Allan Calhamer, the inventor of Diplomacy, the game, recently passed away at the age of 81. He was an unusual fellow:
Allan Brian Calhamer was born on Dec. 7, 1931, in Hinsdale, Ill., and reared in La Grange Park; his mother was a teacher and his father an engineer.
As a boy, exploring the attic of the family home, Allan encountered a book of old maps and was captivated. On its pages, the past really was a foreign country, with evocative names — Livonia, Courland, the Ottoman Empire — that conjured a distant era. From that book, Mr. Calhamer said long afterward, Diplomacy would spring.
At Harvard, from which he graduated cum laude in 1953, the young Mr. Calhamer studied European history with Sidney Bradshaw Fay. Reading Professor Fay’s seminal 1928 book, “The Origins of the World War,” about back-room intrigue among the Great Powers, he thought, as he later recalled, “What a board game that would make!”
Mr. Calhamer developed his game, originally called Realpolitik, in 1954, while he was enrolled at Harvard Law School. Law students, he found, adored it, as it enfranchised aggression, and it was refined over many late-night sessions in his room.
Disinclined to pursue a cutthroat career, Mr. Calhamer left law school before graduating. He lived for a time at Walden Pond in homage to his idol, Henry David Thoreau; he later worked briefly as a foreign service officer in Africa and a park ranger at the Statue of Liberty.
In 1959, after Diplomacy was rejected by several game publishers, Mr. Calhamer had 500 copies produced at his own expense, selling them by mail for $6.95 apiece. It was acquired shortly afterward by Games Research and has since passed through many corporate hands, including those of Avalon Hill and Hasbro. The game is currently published by Wizards of the Coast, which also makes Dungeons & Dragons.
On the strength of Diplomacy, Mr. Calhamer was hired by Sylvania’s Applied Research Laboratory in Waltham, Mass., to bring his analytical stills to bear on real-world military problems. But he chafed amid corporate culture and left after six years. With his wife, the former Hilda Morales, he settled in his hometown. Besides his wife, whom he married in 1967, Mr. Calhamer’s survivors include two daughters, Tatiana Calhamer and Selenne Calhamer-Boling.
Mr. Calhamer remained deeply, if quietly, proud of Diplomacy, and though the royalties did not make him rich, they did once let him buy a Mercury Monarch. His other board games, never brought to market, include one in which, as Tatiana Calhamer described it on Monday, players move through dimensions of the space-time continuum.
For 21 years, until his retirement in the early 1990s, Mr. Calhamer delivered the mail in La Grange Park.

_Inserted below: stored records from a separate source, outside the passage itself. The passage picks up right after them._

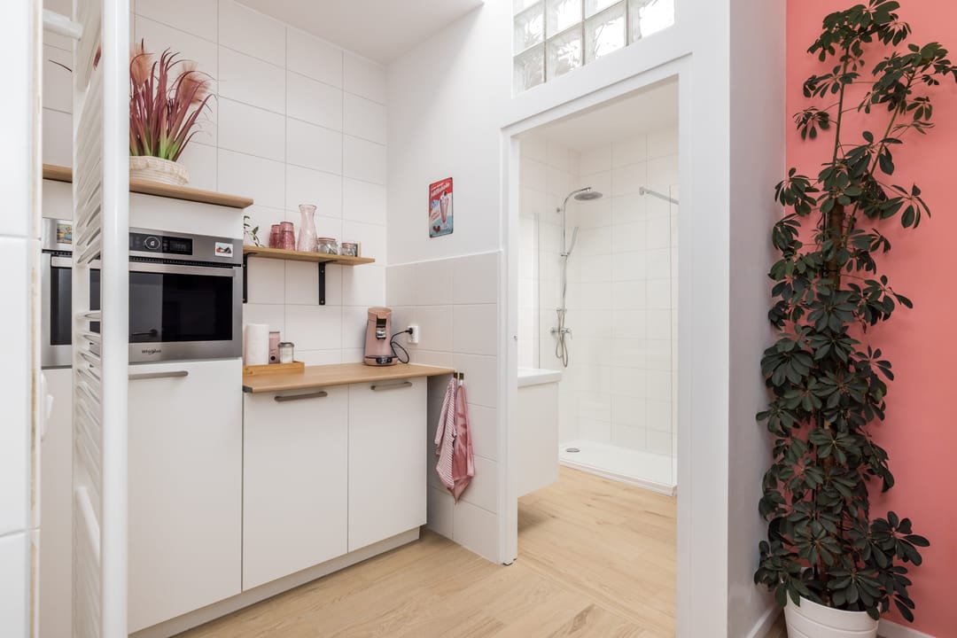 Gastenverblijf 4, beschikt eveneens over 2 slaapkamers en/of 1 slaapkamer en 1 woonkamer, een separate pantry met keukenblok en badkamer met inloopdouche, toilet en wastafel.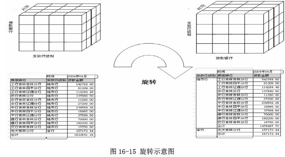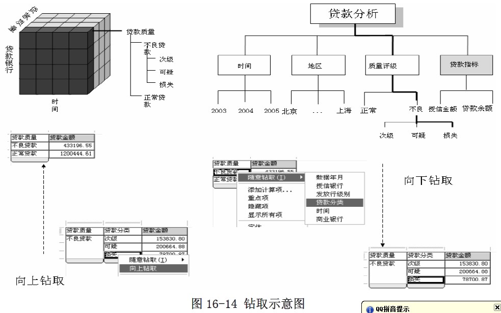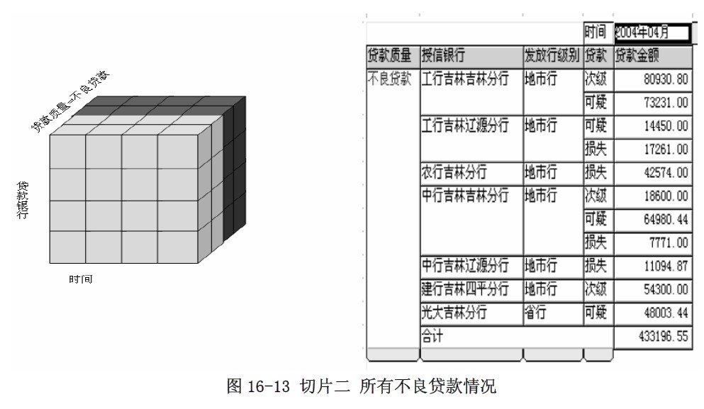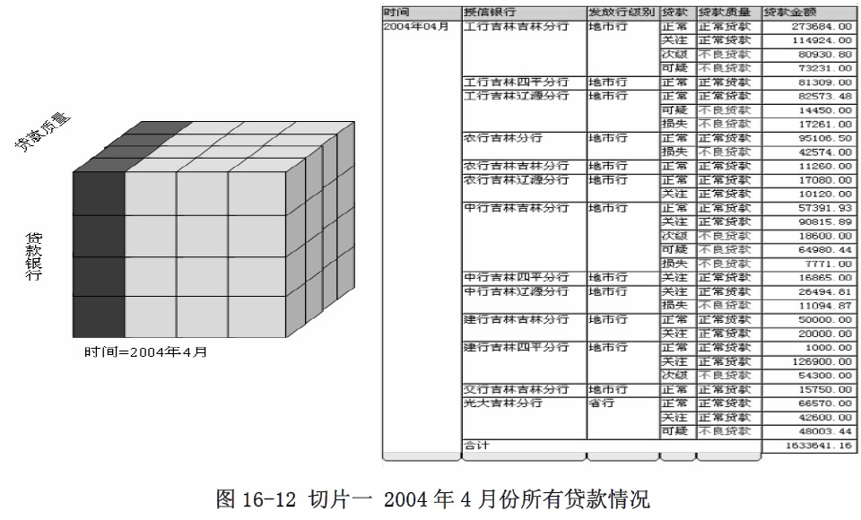 款银行、贷款质量、时间”三维立方体中进行切块和切片,可得到各贷款银行、各种贷款的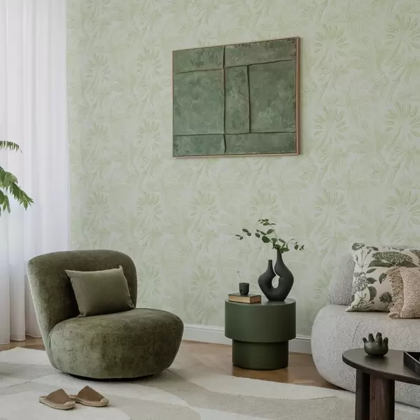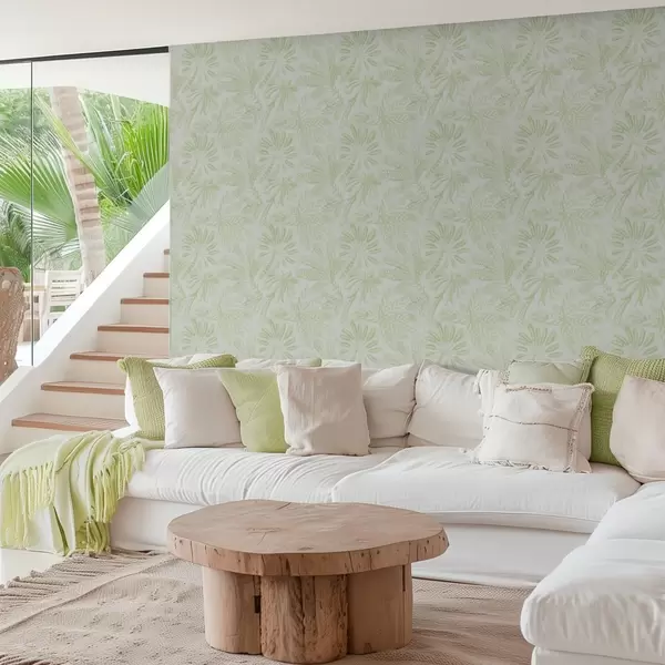Tapetes Sketched tropu lapas svaigā gaiši zaļā tonī Nr. a01001v1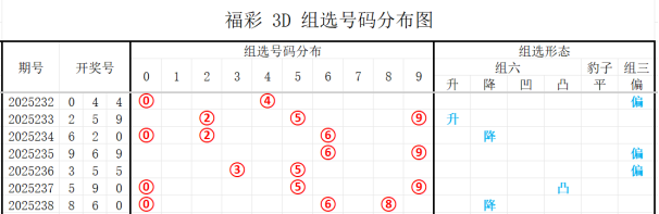 通过对走势的综合判断,现对福彩3D 2025239期分析如下:

He took pleasure, his family told The Chicago Sun-Times this week, in factoring into primes the license-plate numbers of cars on his route.
He almost certainly took pleasure, too — for this thought was doubtless not lost on him — in the idea that on any given day, slung unobtrusively over his shoulder, there might lurk a letter from one Great Power to another, filled with all the threats, blandishments and cunning hollow promises Diplomacy entails, awaiting delivery by its creator.